BOOMING: Macadamia Farm Management's Bruce Green with Hendrik and Jana Joubert on their property with new macadamia planter.
BOOMING: Macadamia Farm Management's Bruce Green with Hendrik and Jana Joubert on their property with new macadamia planter. Adam Hourigan Photography

Macadamias taking off in the Clarence Valley

IF ANYONE needs any more evidence of the strength of the macadamia industry in the Clarence Valley, they only need to visit Chatsworth and watch the new planting machine in action.

It's the first time the machine, which was designed and built by Palmers Island engineer Tony Martin, has been in operation in NSW, and is capable of planting up to 3000 trees a day.

Macadamia farmer Bruce Green, who helped establish the new farm at Chatsworth, said the planter was just one sign of how well the macadamia industry was travelling.

"We've planted 6000 trees there before Christmas, and there'll be another 17,000 planted before the end of 2018," he said.

"The planter is an upgraded version of the one used in Bundaberg, and it's a great machine. It means no more manual planting, and it's all GPS precise so you know exactly where you're planting."

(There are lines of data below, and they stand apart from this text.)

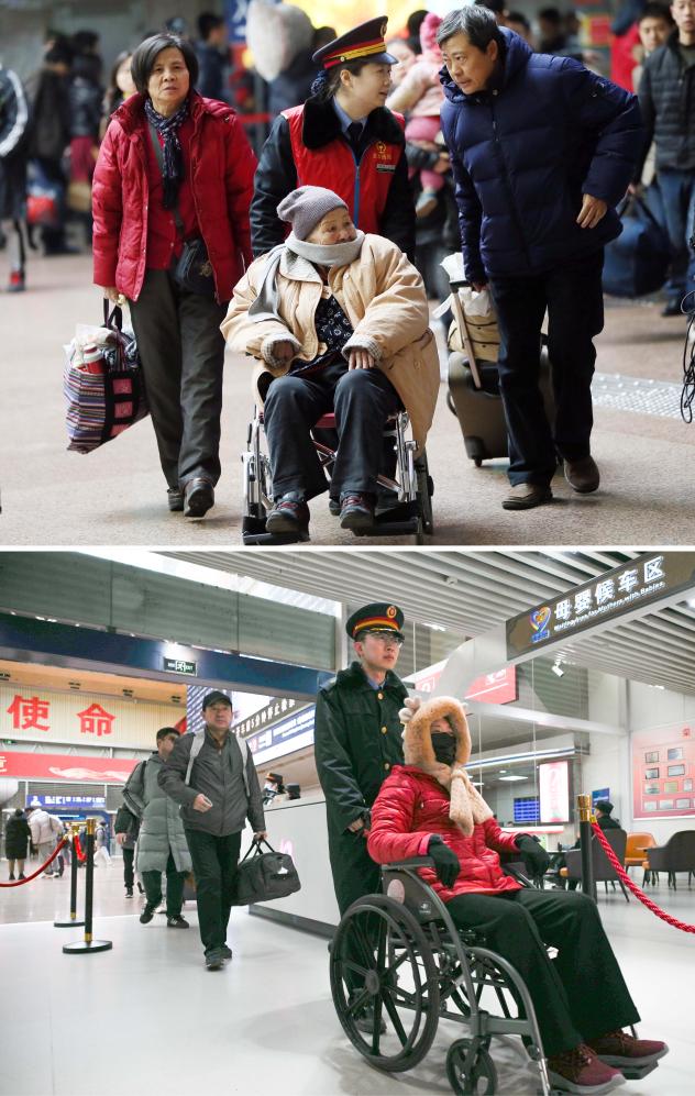 2月18日,在北京西站“036候车室”,客运员冯雪(左二)搀扶行动不便的旅客落座。
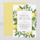 Inbjudan gäster till ditt evenemang med anpassadet inbjudningskort för möhippan. Den har vattenfärg ram i citroner och citronblommar med modern typografi. Anpassa genom att lägga till information. Denna citron inbjudningskort för möhippan är perfekt för sommartid möhippor.
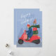 Esta caprichosa tarjeta de vacaciones sin foto presenta una ilustración dibujada a mano de una mujer conduciendo un scooter lleno de regalos y tiene un lugar para incluir una foto familiar y un mensaje en el reverso.

Mr Green was one of the first in the Clarence Valley to embrace macadamias when he decided to convert his 20ha Palmers Channel cane farm to macadamias about ten years ago.

Now he uses his experience to help other farmers make the transition, and in the past 12 months has helped seven macadamia farms get up and running.

"I do farm management and get things set up and organised, and then the owners get involved from there," he said.

"I haven't been surprised by how things have taken off. When we started we were the only ones, then I was out working at a cane farm at Palmers Island and I was asked to help a friend start one up and it went from there.

"People were watching over the fence at what I was doing and were waiting to see how it would work. We went through floods and bad weather and got away with it, and learned a lot as we went along, and I think that's helped things go."

Since first making the transition, Mr Green said the macadamia industry has gained momentum, especially in the Lower Clarence.

"I think the growth has been down to the ease of being able to grow macadamias on low flat country, you don't have to be up in the hills," he said.

"The good thing is that it also generates employment, and there's plenty of young people who are keen to work which is great."